[[ Information shown open ]]
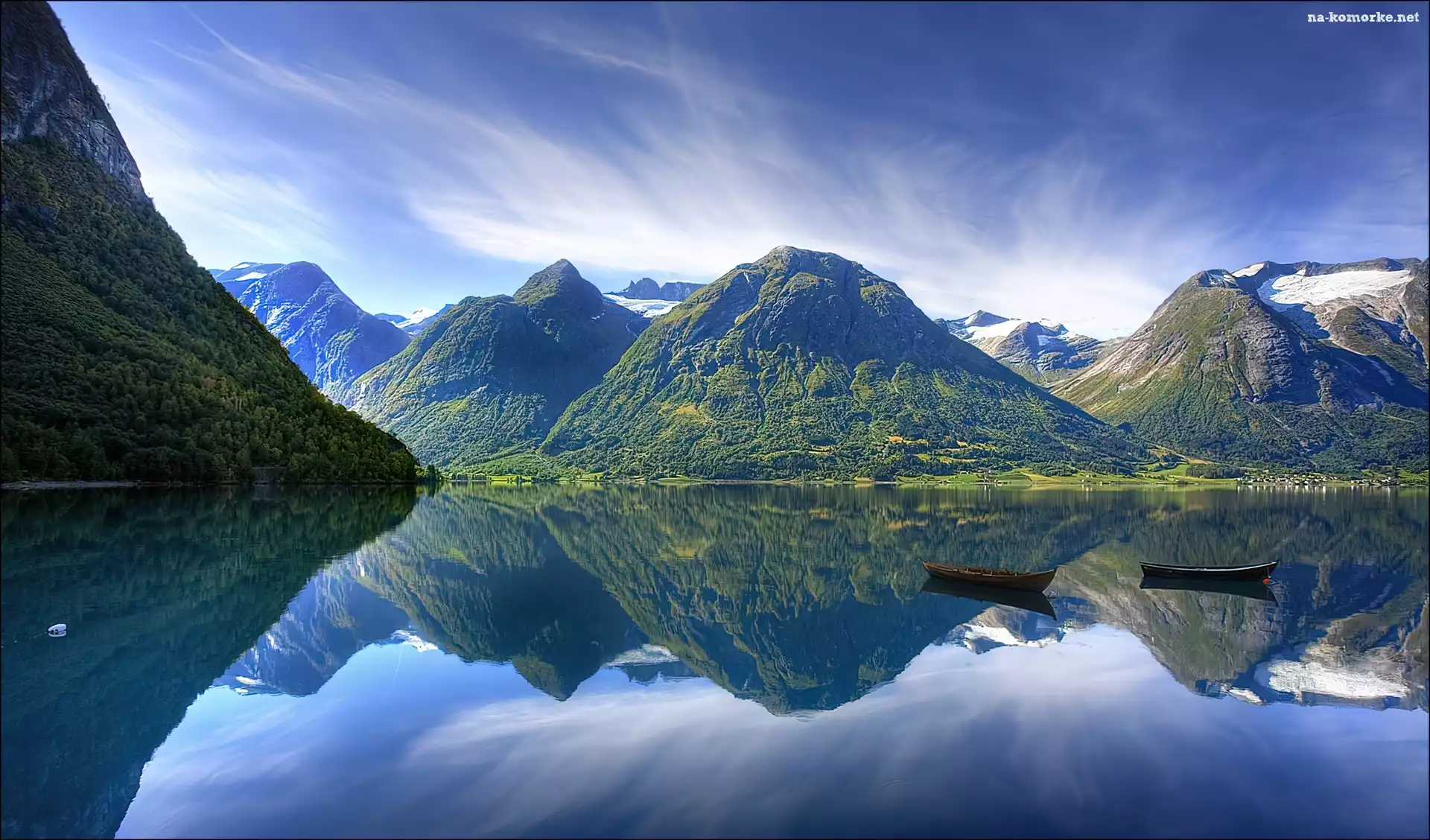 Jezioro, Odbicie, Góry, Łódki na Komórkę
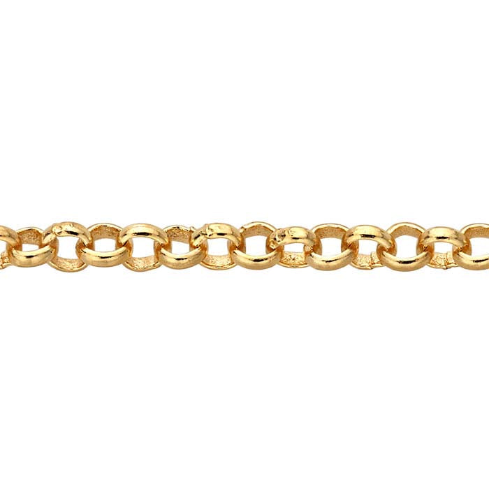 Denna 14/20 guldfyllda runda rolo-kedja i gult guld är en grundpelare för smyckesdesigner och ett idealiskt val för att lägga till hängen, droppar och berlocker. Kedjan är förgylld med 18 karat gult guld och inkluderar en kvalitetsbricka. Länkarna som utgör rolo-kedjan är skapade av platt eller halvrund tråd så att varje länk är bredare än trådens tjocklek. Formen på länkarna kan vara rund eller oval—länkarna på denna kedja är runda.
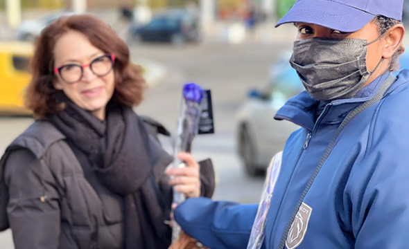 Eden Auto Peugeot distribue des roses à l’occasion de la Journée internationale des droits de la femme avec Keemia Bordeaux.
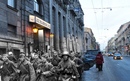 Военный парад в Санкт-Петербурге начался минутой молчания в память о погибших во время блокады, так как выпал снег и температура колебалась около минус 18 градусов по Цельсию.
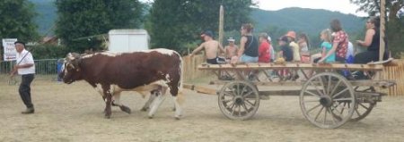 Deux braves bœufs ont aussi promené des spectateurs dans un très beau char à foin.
[[ Information shown closed ]]
### Task objective
Restate each entry word for word. Omit every picture.

### Task answer
 Jezioro, Odbicie, Góry, Łódki na Komórkę
 Denna 14/20 guldfyllda runda rolo-kedja i gult guld är en grundpelare för smyckesdesigner och ett idealiskt val för att lägga till hängen, droppar och berlocker. Kedjan är förgylld med 18 karat gult guld och inkluderar en kvalitetsbricka. Länkarna som utgör rolo-kedjan är skapade av platt eller halvrund tråd så att varje länk är bredare än trådens tjocklek. Formen på länkarna kan vara rund eller oval—länkarna på denna kedja är runda.
 Eden Auto Peugeot distribue des roses à l’occasion de la Journée internationale des droits de la femme avec Keemia Bordeaux.
 Военный парад в Санкт-Петербурге начался минутой молчания в память о погибших во время блокады, так как выпал снег и температура колебалась около минус 18 градусов по Цельсию.
 Deux braves bœufs ont aussi promené des spectateurs dans un très beau char à foin.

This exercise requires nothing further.